Department of Anatomy, College of Veterinary Medicine and Research Institute of Life Science, Gyeongsang National University, Jinju 660-701, South Korea.
Neuroscience. 2011 Feb 3;174:171-7. doi: 10.1016/j.neuroscience.2010.11.021. Epub 2010 Nov 24.
Nicotinamide exerts a potent neuroprotective effect against ischemia-induced brain injury. We identified proteins that were differentially expressed by nicotinamide treatment in ischemic brain injury. Focal cerebral ischemia was induced by middle cerebral artery occlusion (MCAO). Adult male Sprague-Dawley rats were treated with vehicle or nicotinamide (500 mg/kg) 2 h after the onset of MCAO. Brains were collected 24 h after MCAO and cerebral cortex regions were isolated. Protein spots with different intensities between vehicle- and nicotinamide-treated groups were detected using two-dimensional gel electrophoresis and identified by mass spectrometry. Among these proteins, γ-enolase, protein phosphatase 2A (PP2A) subunit B, and peroxiredoxin-2 (Prx-2) were significantly decreased in the vehicle-treated group compared to the nicotinamide-treated group. These identified proteins mediate cell differentiation and stabilization, and play a role as antioxidant enzymes. In contrast, 60 kDa heat shock protein (Hsp 60) was significantly increased in vehicle-treated animals, while nicotinamide prevented the injury-induced increase of this protein. These results suggest that nicotinamide mediates neuroprotective effects by up- and down-regulation of various specific proteins.

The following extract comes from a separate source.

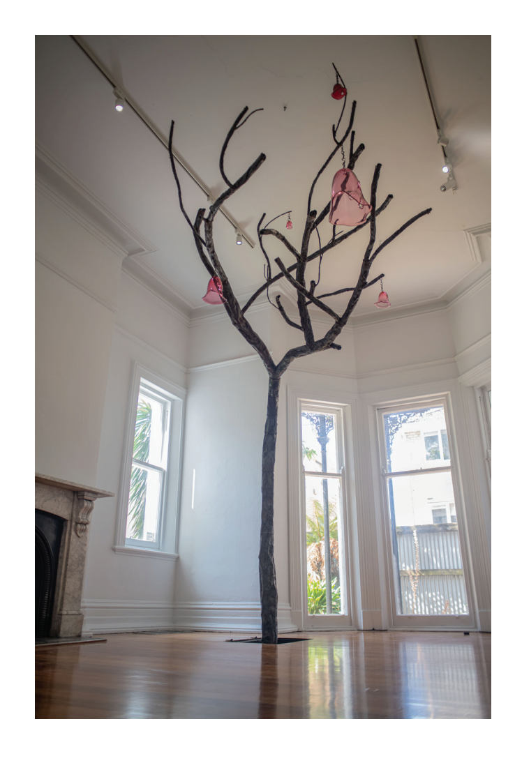
IMAGE > Nell, On a withered tree, ghosts bloom [installation detail], 2023, stainless steel, hand-blown glass, dimensions variable. Photograph: Liam James.

IMAGE > Nell, On a withered tree, ghosts bloom [installation view], 2023, stainless steel, hand-blown glass, dimensions variable. Photograph: Liam James.

烟酰胺对缺血性脑损伤具有很强的神经保护作用。我们鉴定出了烟酰胺处理在缺血性脑损伤中差异表达的蛋白质。通过大脑中动脉闭塞(MCAO)诱导局灶性脑缺血。MCAO 发作后 2 小时,成年雄性 Sprague-Dawley 大鼠用载体或烟酰胺(500mg/kg)处理。MCAO 后 24 小时收集大脑,并分离大脑皮质区域。使用二维凝胶电泳检测载体和烟酰胺处理组之间强度不同的蛋白质斑点,并通过质谱鉴定。在这些蛋白质中,与烟酰胺处理组相比,载体处理组中的γ-烯醇酶、蛋白磷酸酶 2A(PP2A)亚基 B 和过氧化物酶-2(Prx-2)显著减少。这些已鉴定的蛋白质介导细胞分化和稳定,并作为抗氧化酶发挥作用。相比之下,载体处理动物中的 60kDa 热休克蛋白(Hsp 60)显著增加,而烟酰胺可防止该蛋白因损伤而增加。这些结果表明,烟酰胺通过上调和下调各种特定蛋白质来介导神经保护作用。